# [Your assignment]
Given the material below, return only the lines starting at the line with "小區(qū)總占地面積150" and ending at the line with "Dalam kegiatan monitoring", exactly as they appear.

# [Data supplied]
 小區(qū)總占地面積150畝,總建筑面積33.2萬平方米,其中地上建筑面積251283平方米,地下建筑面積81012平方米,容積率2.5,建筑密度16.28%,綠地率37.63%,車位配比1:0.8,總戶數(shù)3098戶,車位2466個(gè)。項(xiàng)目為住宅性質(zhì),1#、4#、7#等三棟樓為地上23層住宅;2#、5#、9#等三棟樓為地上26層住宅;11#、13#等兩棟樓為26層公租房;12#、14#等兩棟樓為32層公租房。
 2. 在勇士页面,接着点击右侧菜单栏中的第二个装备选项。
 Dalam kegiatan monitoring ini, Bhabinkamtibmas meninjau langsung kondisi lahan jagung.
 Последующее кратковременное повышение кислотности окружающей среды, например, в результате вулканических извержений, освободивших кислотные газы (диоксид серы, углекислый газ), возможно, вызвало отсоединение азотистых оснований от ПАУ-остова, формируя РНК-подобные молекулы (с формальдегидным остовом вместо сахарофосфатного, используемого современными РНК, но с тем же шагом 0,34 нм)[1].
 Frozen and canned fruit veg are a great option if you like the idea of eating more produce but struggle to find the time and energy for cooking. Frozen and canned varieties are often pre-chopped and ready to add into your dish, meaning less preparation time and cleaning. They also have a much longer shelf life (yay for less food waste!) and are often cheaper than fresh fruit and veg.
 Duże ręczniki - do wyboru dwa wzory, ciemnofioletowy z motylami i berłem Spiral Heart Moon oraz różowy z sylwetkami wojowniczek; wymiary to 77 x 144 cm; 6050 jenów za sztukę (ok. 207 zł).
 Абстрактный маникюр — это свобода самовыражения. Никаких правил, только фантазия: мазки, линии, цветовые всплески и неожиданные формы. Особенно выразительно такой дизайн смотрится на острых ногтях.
==
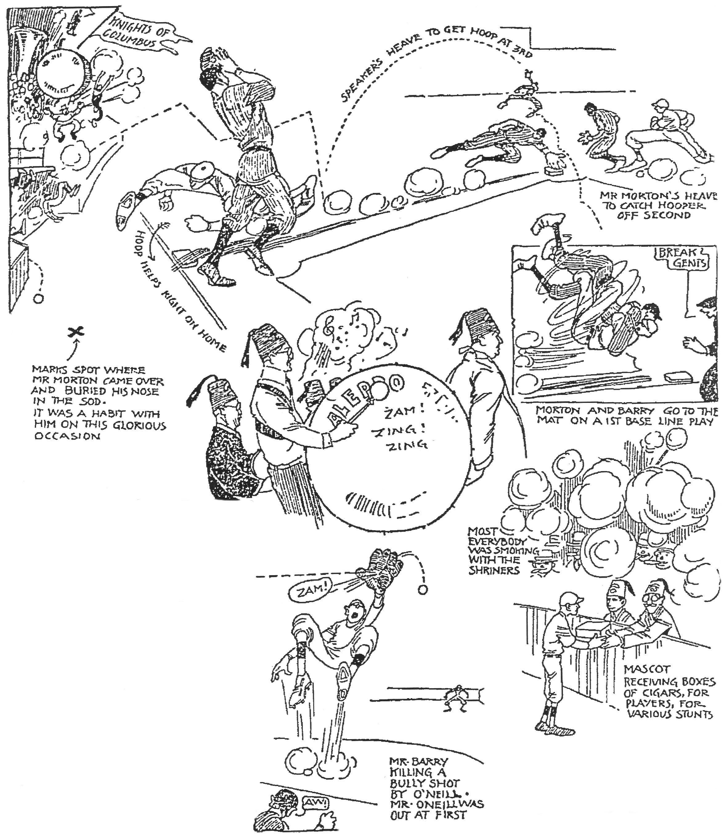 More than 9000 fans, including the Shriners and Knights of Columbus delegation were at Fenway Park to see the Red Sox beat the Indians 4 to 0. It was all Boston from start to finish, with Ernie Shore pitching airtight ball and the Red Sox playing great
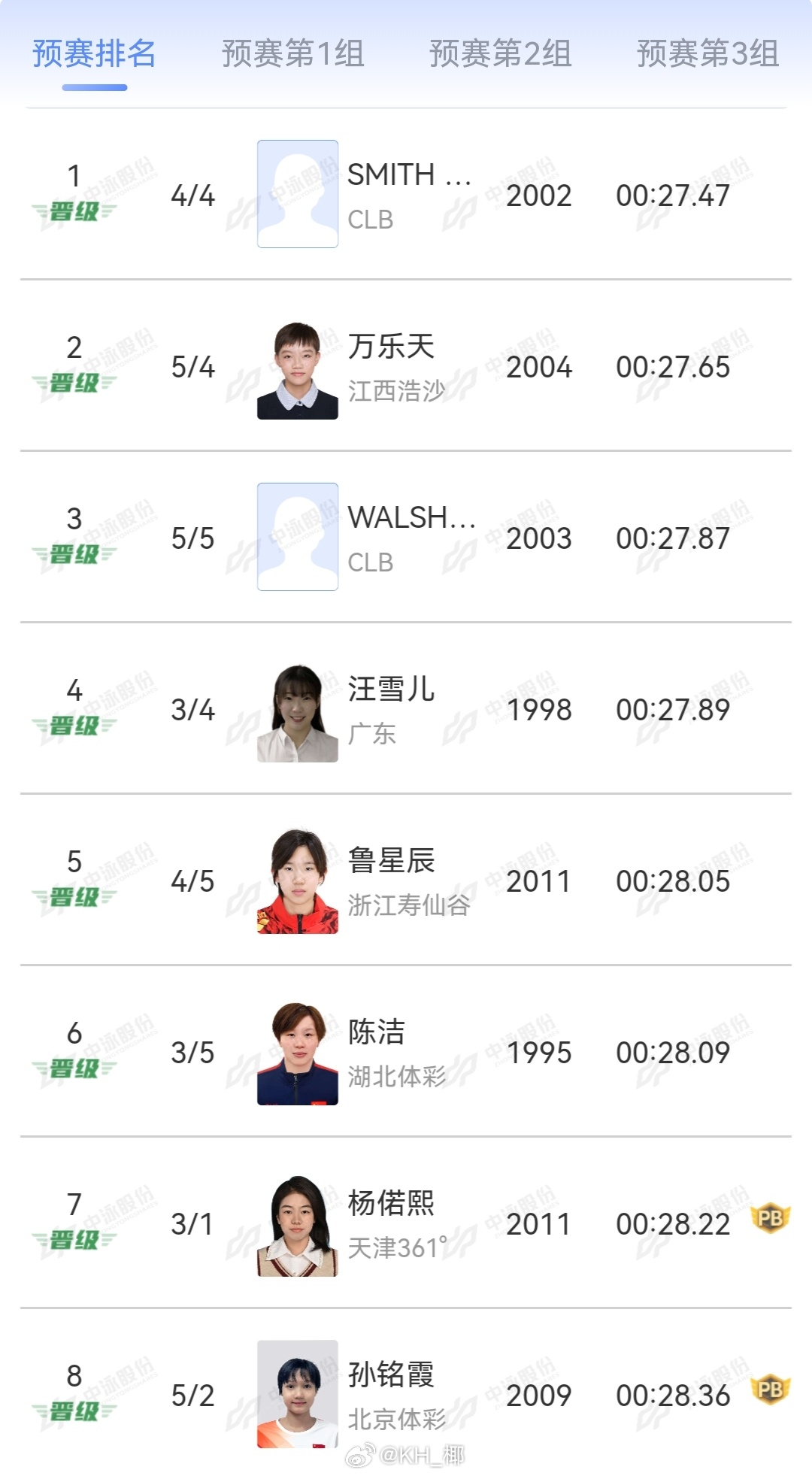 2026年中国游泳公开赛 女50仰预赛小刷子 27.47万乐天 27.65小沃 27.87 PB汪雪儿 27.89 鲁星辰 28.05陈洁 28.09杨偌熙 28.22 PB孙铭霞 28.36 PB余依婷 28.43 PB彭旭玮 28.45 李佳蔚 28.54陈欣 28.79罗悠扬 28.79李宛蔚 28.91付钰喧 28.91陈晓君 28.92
---
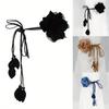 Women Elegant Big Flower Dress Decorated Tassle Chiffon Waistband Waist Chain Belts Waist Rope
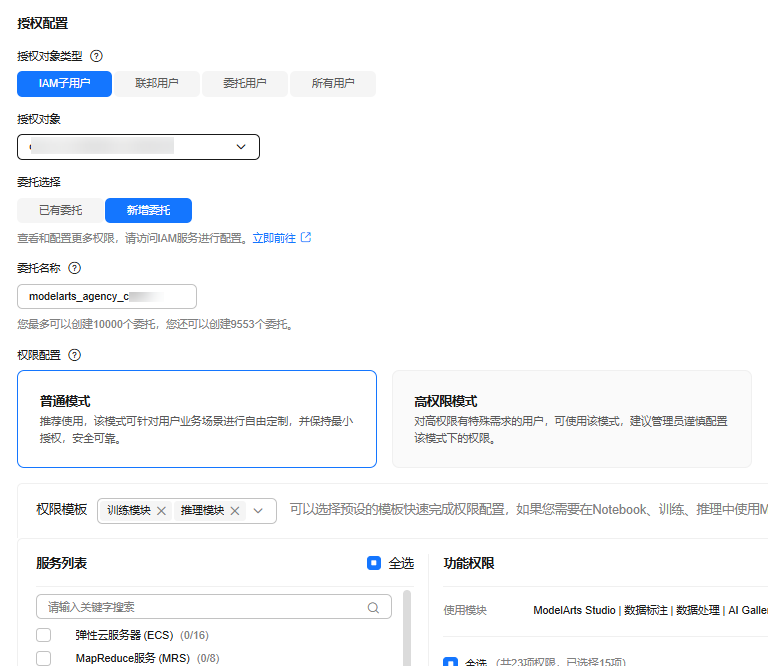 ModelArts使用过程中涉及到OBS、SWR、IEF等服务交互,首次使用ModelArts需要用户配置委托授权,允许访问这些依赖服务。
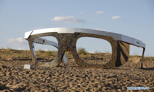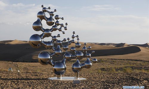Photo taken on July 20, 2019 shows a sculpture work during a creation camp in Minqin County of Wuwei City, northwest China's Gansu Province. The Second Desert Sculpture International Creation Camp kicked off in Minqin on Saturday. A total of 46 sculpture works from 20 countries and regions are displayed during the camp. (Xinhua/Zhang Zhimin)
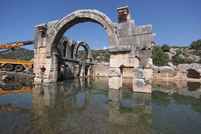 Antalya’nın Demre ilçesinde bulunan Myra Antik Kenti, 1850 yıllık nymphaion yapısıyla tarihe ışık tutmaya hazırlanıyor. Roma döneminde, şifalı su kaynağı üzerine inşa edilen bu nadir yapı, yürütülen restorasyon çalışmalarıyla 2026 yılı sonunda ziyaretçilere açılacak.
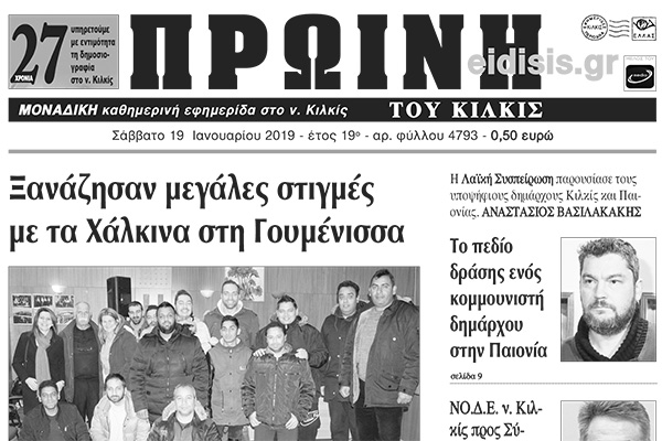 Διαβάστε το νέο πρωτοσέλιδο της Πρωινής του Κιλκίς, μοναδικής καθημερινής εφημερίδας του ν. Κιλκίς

# [Exercise solution]
 小區(qū)總占地面積150畝,總建筑面積33.2萬平方米,其中地上建筑面積251283平方米,地下建筑面積81012平方米,容積率2.5,建筑密度16.28%,綠地率37.63%,車位配比1:0.8,總戶數(shù)3098戶,車位2466個(gè)。項(xiàng)目為住宅性質(zhì),1#、4#、7#等三棟樓為地上23層住宅;2#、5#、9#等三棟樓為地上26層住宅;11#、13#等兩棟樓為26層公租房;12#、14#等兩棟樓為32層公租房。
 2. 在勇士页面,接着点击右侧菜单栏中的第二个装备选项。
 Dalam kegiatan monitoring ini, Bhabinkamtibmas meninjau langsung kondisi lahan jagung.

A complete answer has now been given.